Based on a story by Clifford Grey, with a screenplay by Sidney Gilliat, the film is a tale about a European express train to Rome carrying diverse characters, including thieves, adulterers, blackmail victims, and an American film star. The film won the American National Board of Review award for Best Foreign Film. Rome Express was remade as Halfway to Shanghai" 1941 and Sleeping Car to Trieste (1948).

==Plot==
The film is centred almost entirely on the Compagnie Internationale des Wagons-Lits train the Rome Express, travelling between Paris and Rome.

Just as the train is departing from a station in Paris, Zurta and his colleague Tony just manage to board the train. They have found out that someone they want to see is on board. Another passenger, McBain, a wealthy businessman travelling with his brow-beaten secretary/valet, Mills, learns that a painting by Van Dyck, which he had previously tried to buy and which had later been stolen, has not been recovered and says he would do anything to obtain it. Also on the train are an adulterous couple, an annoyingly sociable Englishman, a French police inspector, and an American film star who is tiring of her fame, accompanied by her manager/publicist.

It transpires that the stolen painting is in the possession of a man, Poole, who conspicuously keeps his briefcase close to him at all times. When he agrees to join a poker game, he finds that one of the other players is Zurta, and Poole's reaction shows that they know each other.
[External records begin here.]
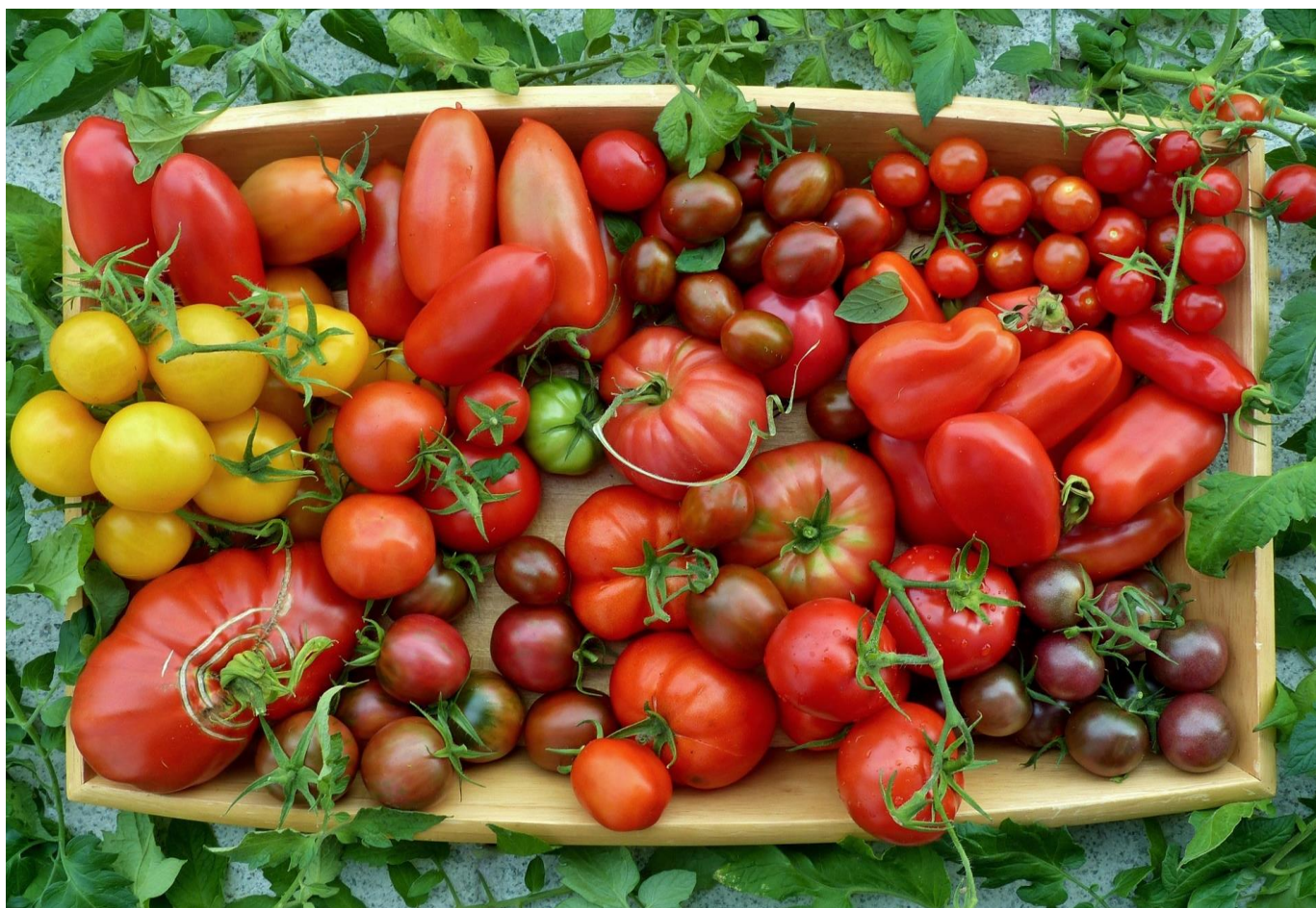
Graphic 1: Tomatoes are only one example for a common vegetable crop where more than 3,000 varieties exist as a result of human cultivation: a cultural heritage.
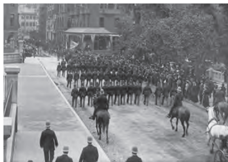
Ancient and Honorable Artillery Co. State House, June Day 1900

Since 1880 the AHAC has been the sole occupant of the fourth floor of this historic building after originally being located in the 1659 Town House, built through the generosity of Robert Keayne, the first commander of the Company.
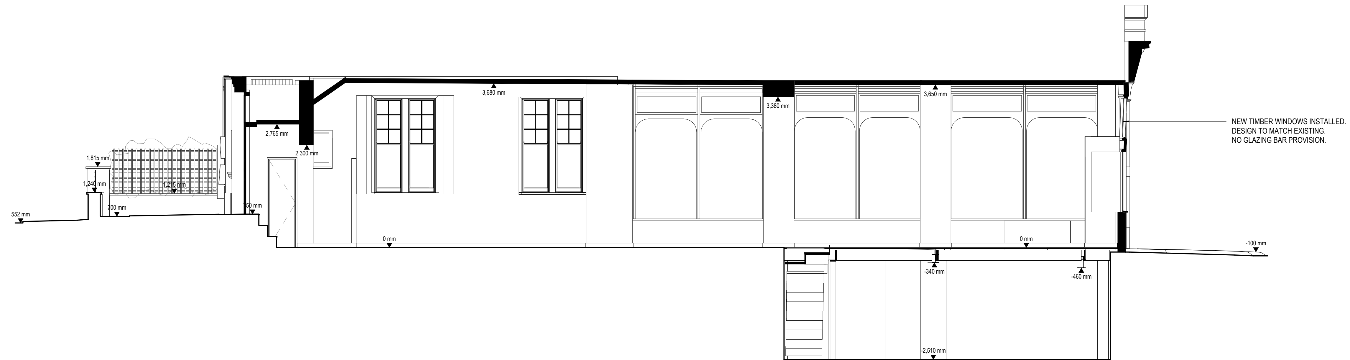
2 NEW ZZ SECTION 2 1:50 @ A1
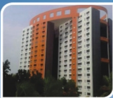
Raheja Garden Thane
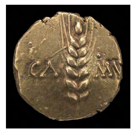
Ear of corn, CA and MV (LODVNVM)
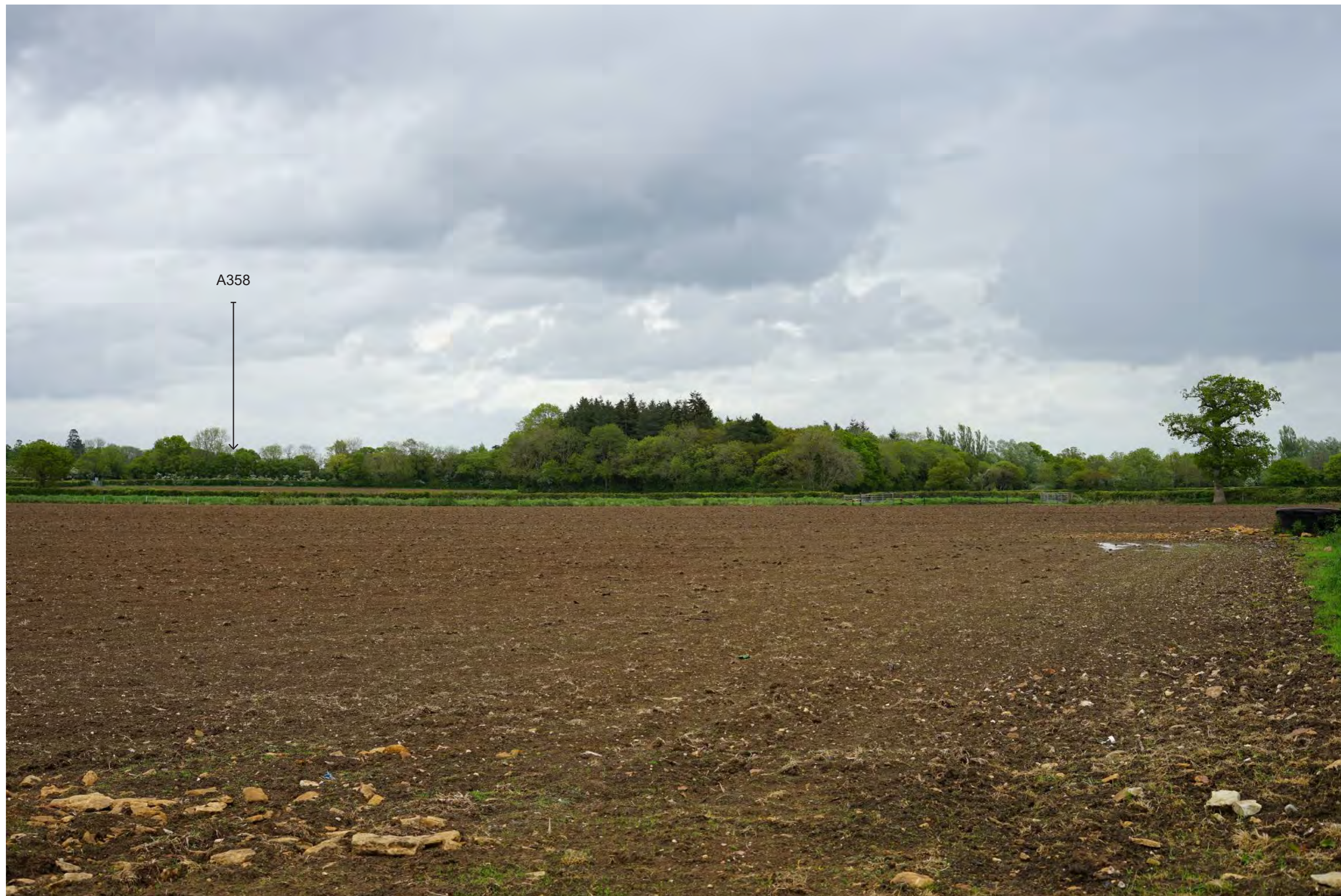
Photograph 14.2 Summer | Viewing distance at A3: 542mm | Horizontal field of view: 39.6° | Direction of view: North-east Camera: Sony ILCE-7 FFS | Lens: Sony FE 50mm F1.8 | Camera height: 1.5m AGL | Date taken: 18/05/2021 | Aperture: 8.0 | ISO speed: 100 | Shutter: 1/125 sec
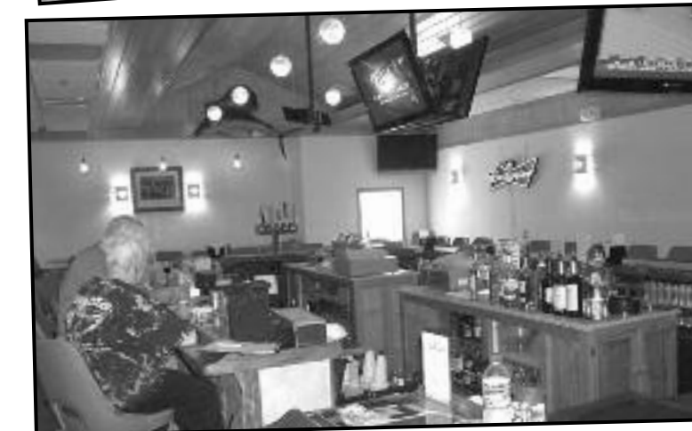
The newly remodeled and reopened Islamorada Moose.
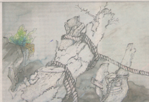
Bamboo Series #25
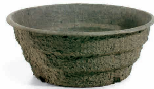
18X8RD 5.65 gal/21.4 L 20 per case
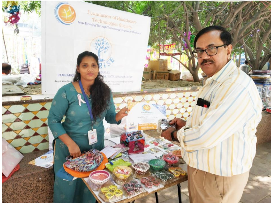
Distribution of participation certificate to one of the beneficiary at the camp
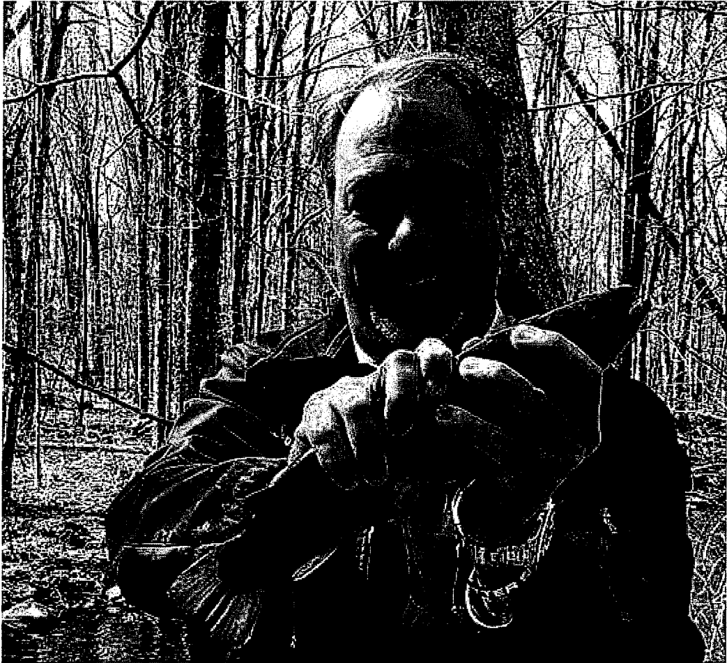
DA Hoovler helping the Orange County Federation of Sportsmen to stock trout
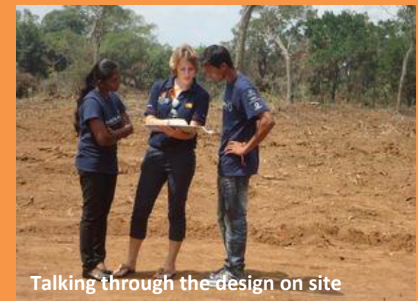
Talking through the design on site

Poole is disconcerted and carelessly sets down his briefcase, which is later innocently taken by Mills, who has a similar briefcase.

After the game ends, Zurta follows Poole to his compartment, forces his way in and confronts Poole, who offers to hand over the painting but finds he has the wrong briefcase. After Zurta threatens to throw him from the train, they struggle and Poole is killed.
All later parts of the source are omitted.